MERIT AWARD

Represents superior accomplishment in the profession of landscape architecture.


Red Butte Gardens - Six Bridges Trail

This project represents our responsibility as landscape architects to provide accessible spaces for all abilities. It also provides creek restoration and habitat. The design team did a great job understanding of the site by performing a comprehensive site inventory / analyses and creating a hydraulic model regarding the flood plan to assure the design would be successful. This is a great project and adds value to the client and visitors.
— ASLA Arizona Awards Jury

PROJECT STATEMENT

This project involved the design and development of an accessible nature trail located along Red Butte Creek within Red Butte Garden and Arboretum on the University of Utah Campus in Salt Lake City. The ADA accessible trail project is designed to bring Red Butte Garden guests and university students through this untouched natural stream gorge that was previously inaccessible to visitors. The project consists of approximately 900 feet of meandering trail that includes flexible porous paving for at-grade trail segments, three elevated trail sections, six pedestrian bridges, five interpretive waysides, and two observation platforms with stairways connecting users to other trail segments within the garden. The project also features 300 linear feet of streambank restoration, removal of concrete debris and restoration of upland habitat, and native riparian-wetland habitat plantings.


PROJECT NARRATIVE

The Six Bridges Trail project is located in the eastern foothills above Salt Lake City at Red Butte Garden on the University of Utah Campus. Design and construction of the meandering creek-side trail has been a master planning goal for Red Butte Garden for nearly two decades. The project features a flexible porous pavement surface for at-grade trail segments that allows all precipitation to infiltrate naturally into the native soil subsurface, resulting in no surface runoff at the site. The permeable pavement is comprised of stone aggregate and a non-toxic binder that is mixed with shredded and recycled rubber tires which naturally grow a beneficial bacteria to help clean the infiltrating water. No impervious surfaces were created as part of the project.

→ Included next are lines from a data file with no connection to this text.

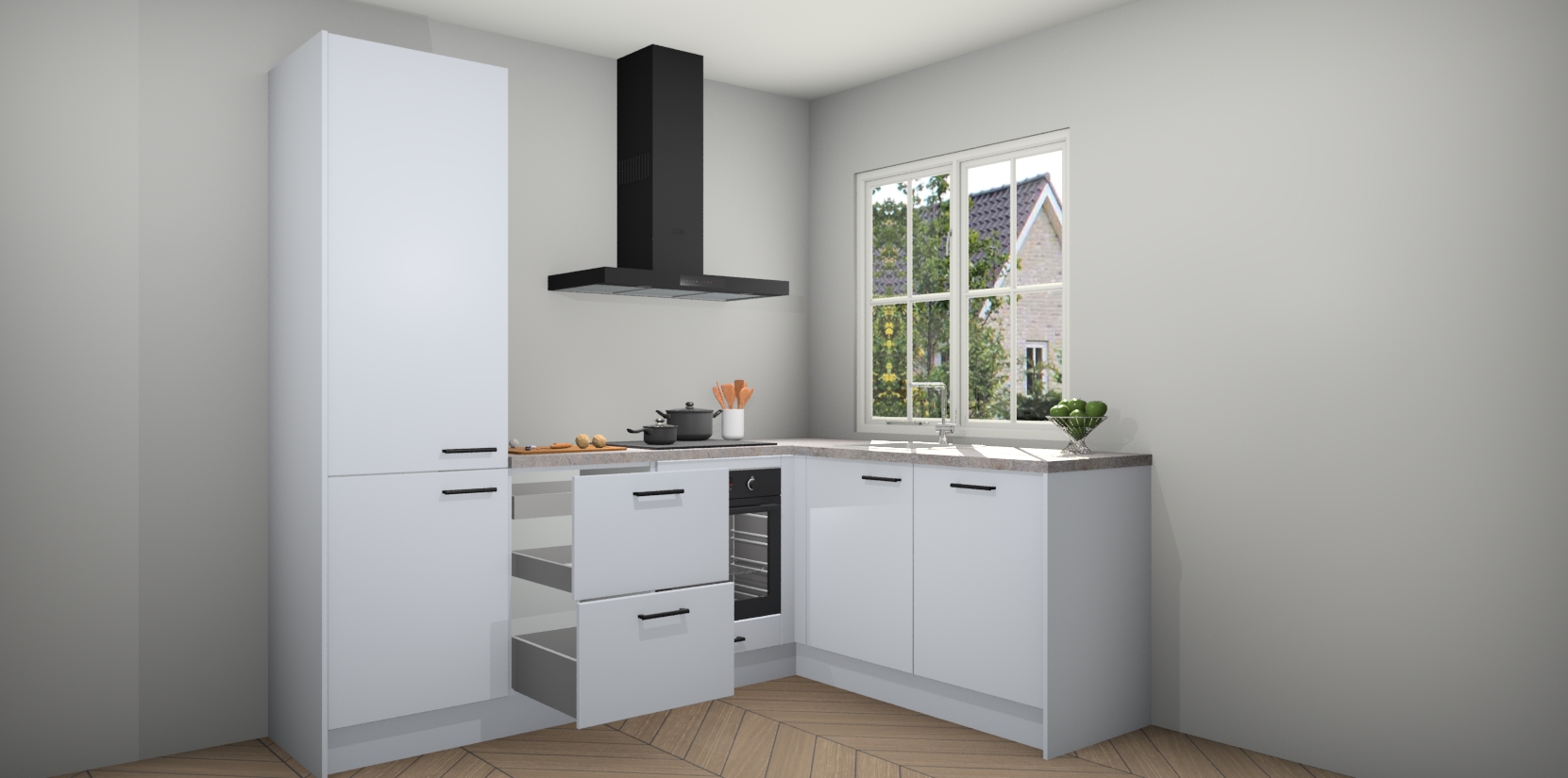 Inclusief plinten, stelpoten en werkblad
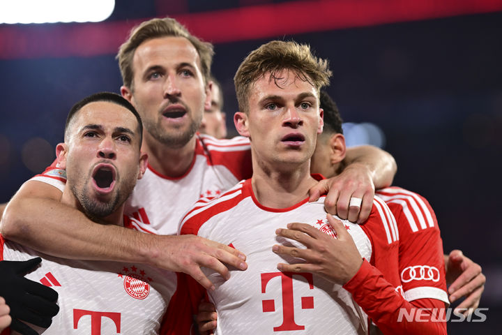 [뮌헨=AP/뉴시스] 바이에른 뮌헨(독일)의 조슈아 키미히(오른쪽)가 17일(현지시각) 독일 뮌헨의 알리안츠 아레나에서 열린 아스널(잉글랜드)과의 2023-24 유럽축구연맹(UEFA) 챔피언스리그(UCL) 8강 2차전 후반 18분 선제 결승 골을 넣고 동료들과 기쁨을 나누고 있다. 김민재는 후반 31분 교체 출전했고 뮌헨은 1-0으로 승리해 1차전과 합계 3-2로 UCL 4강에 올랐다. 2024.04.18.
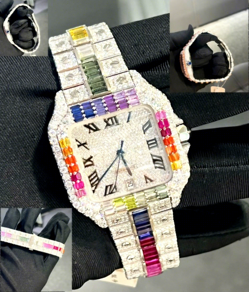 นาฬิกาโครโนกราฟเพชรโมอิสซาไนต์สีขาวทองคำขาวสองสี Iced VVS ตัวเรือนทรงเหลี่ยม สายสแตนเลสสตีล กระจกหน้าปัด
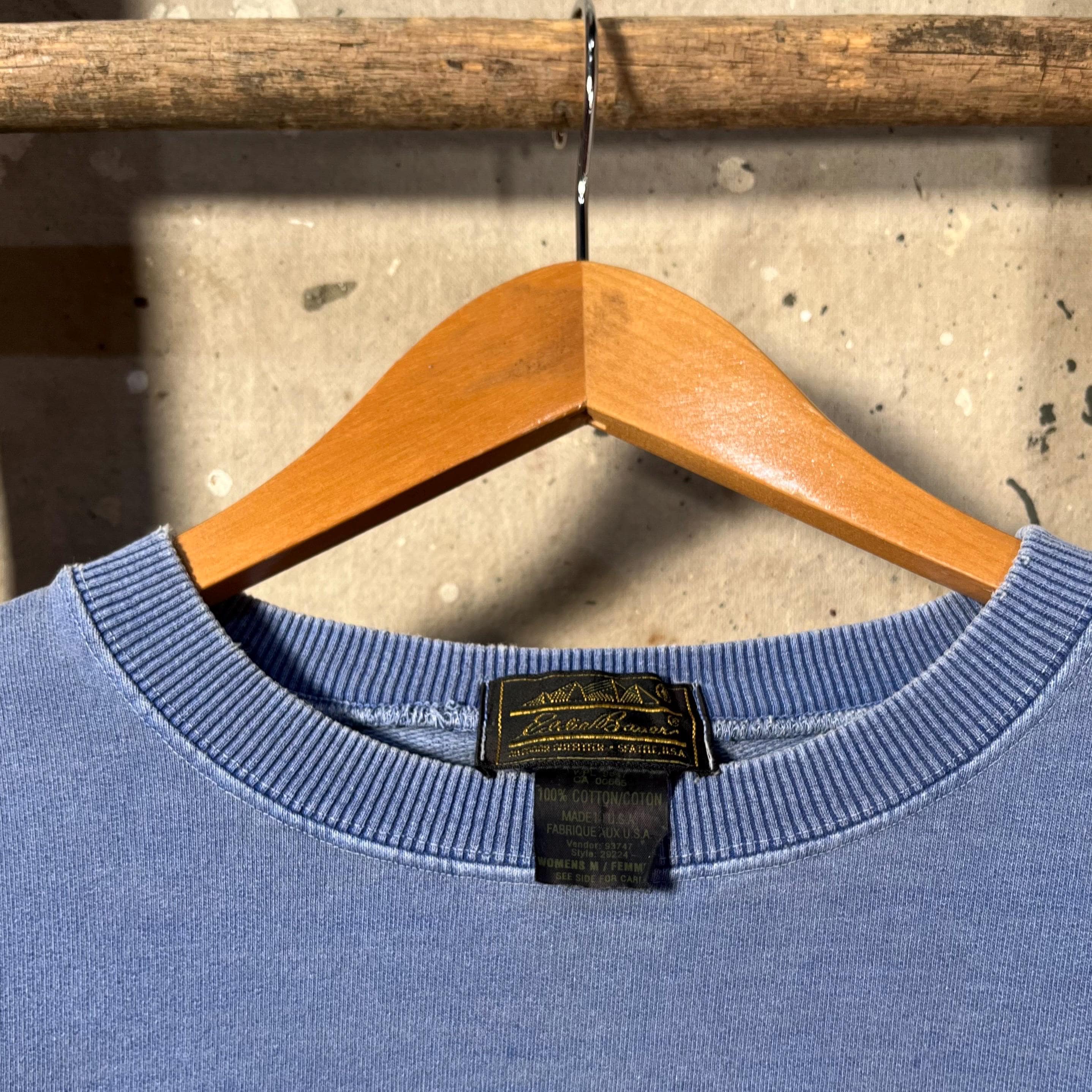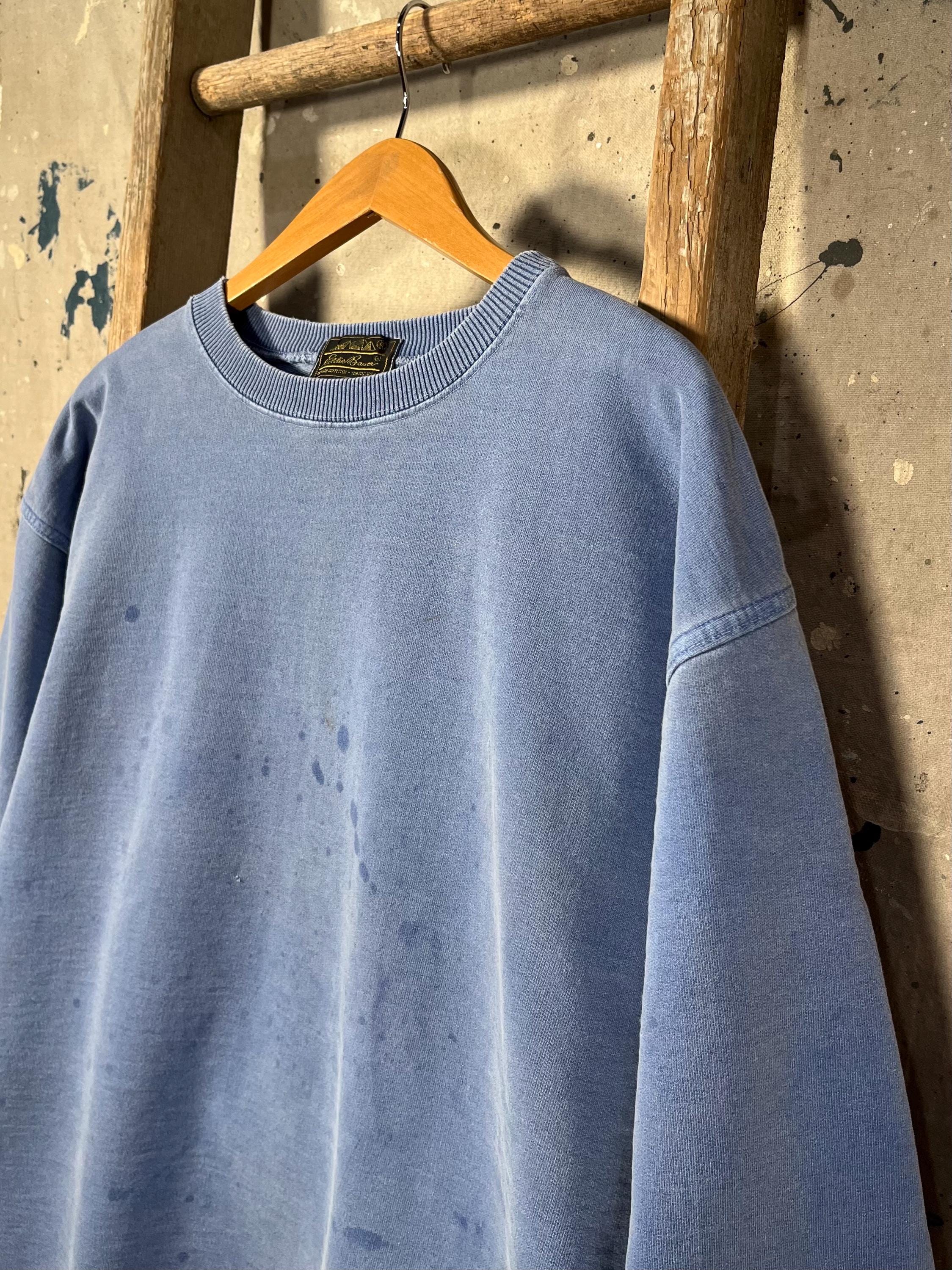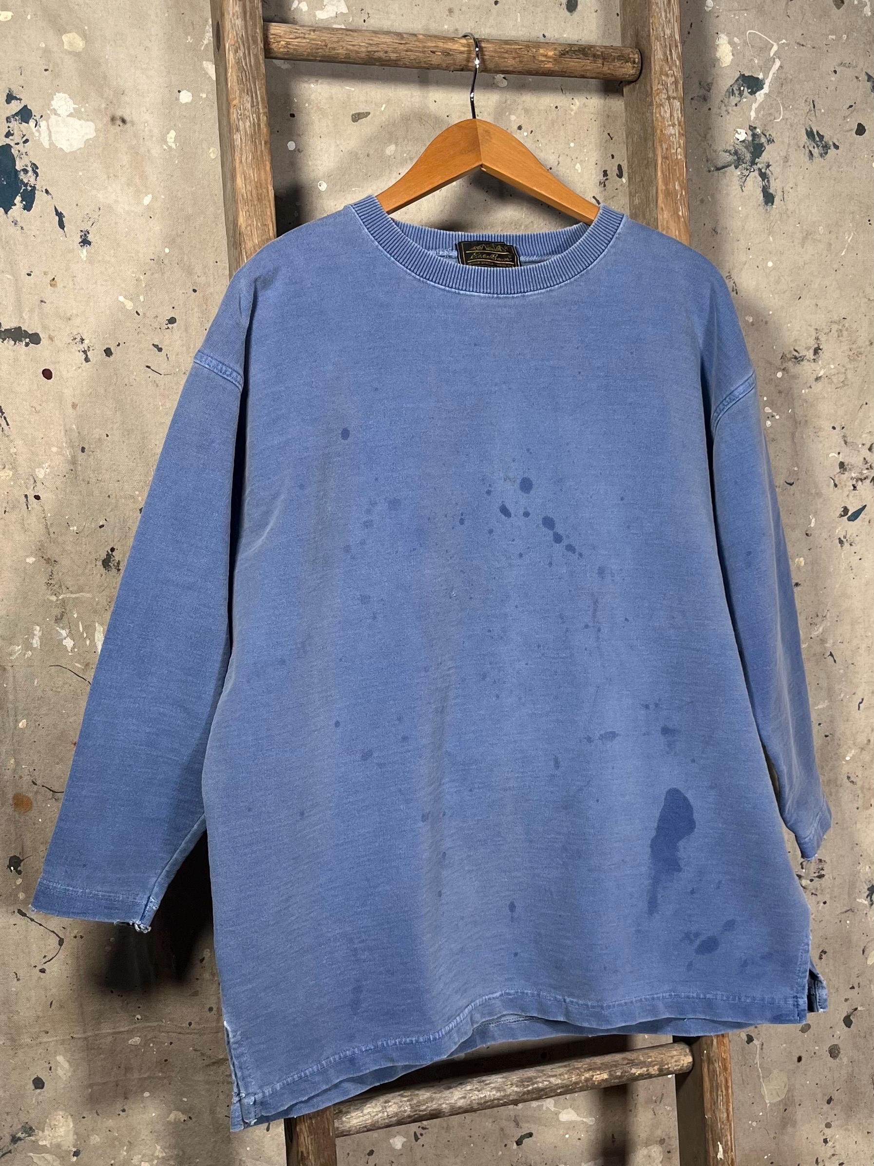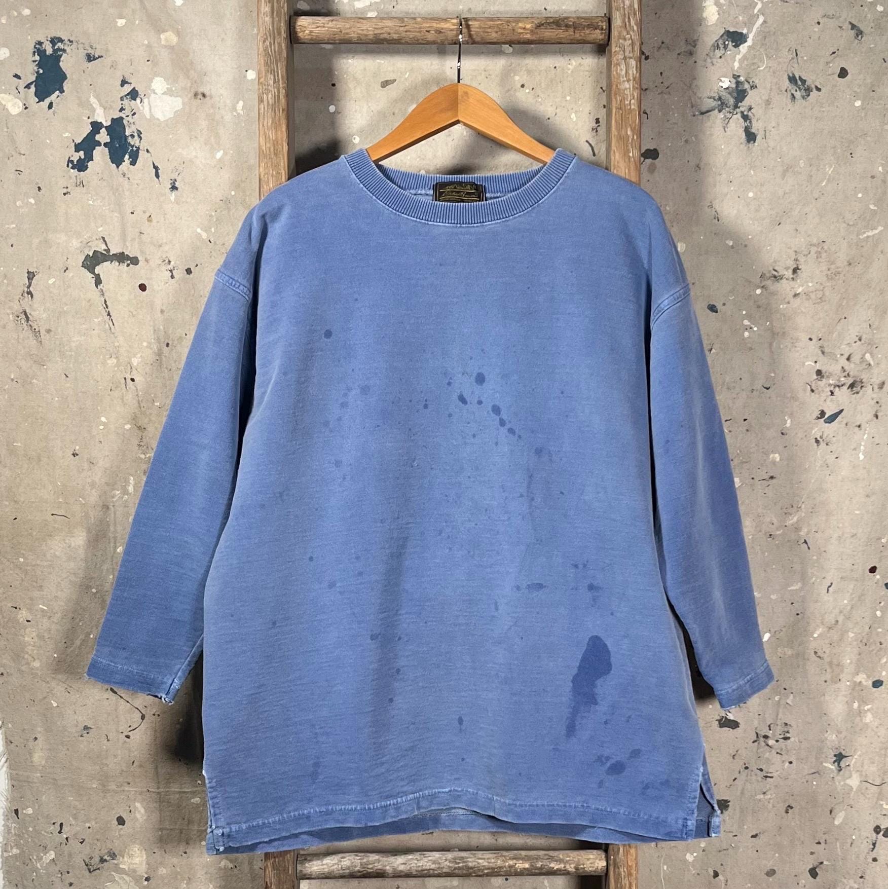1980s Eddie Bauer cotton crewneck sweatshirt . Oversized , 3/4 length sleeves and open hem . Unique color and original distressing throughout. Made in USA. Great condition.

Structures along the Six Bridges Trail include three elevated steel trail segments that traverse existing jurisdictional wetlands, six steel pedestrian bridges that clear-span Red Butte Creek and is associated floodplain, and two steel observation platforms that provide accessible overlooks from adjacent trail systems and opportunities for visitors to enter or leave the trail from above the Red Butte Canyon gorge. All steel structures were manufactured using weathering steel to help them blend with the surrounding natural environment, and they feature weathering steel grated decking to allow natural light and precipitation to reach the creek and plants beneath.

The design team worked diligently with University of Utah personnel to obtain the required federal, state, and local environmental permits for this highly visible, context sensitive project. Other project work tasks completed by the design team over the 6-year design period included performing comprehensive natural resource site inventory and analyses, creating and implementing a hydraulic model to ascertain flood-flow and floodplain elevations, developing design concepts to secure private donor funding, preparing comprehensive construction documents, and facilitating construction administration and oversight services.

The project design is respectful of one of the best remaining examples of naturally functioning riparian habitat that exists along Red Butte Creek allowing safe access for university teaching and research activities. Heavily eroded sections of streambank were restored with a combination of tree rootwads and boulders that were removed during construction. This natural bio-engineering technique helps to provide long-term stability of the streambank where discarded concrete debris was removed, and the submerged tree rootwads that overhang the water’s edge create important fish habitat for the endangered Bonneville Cutthroat Trout that inhabits the creek. Natural boulder retaining walls and interpretive waysides with benches were constructed using locally sourced and hand-selected sandstone to mimic natural outcrops within Red Butte Canyon and the Red Butte Creek gorge. All disturbed areas were revegetated using native tree, shrub, grasses, and forb seedings and plantings.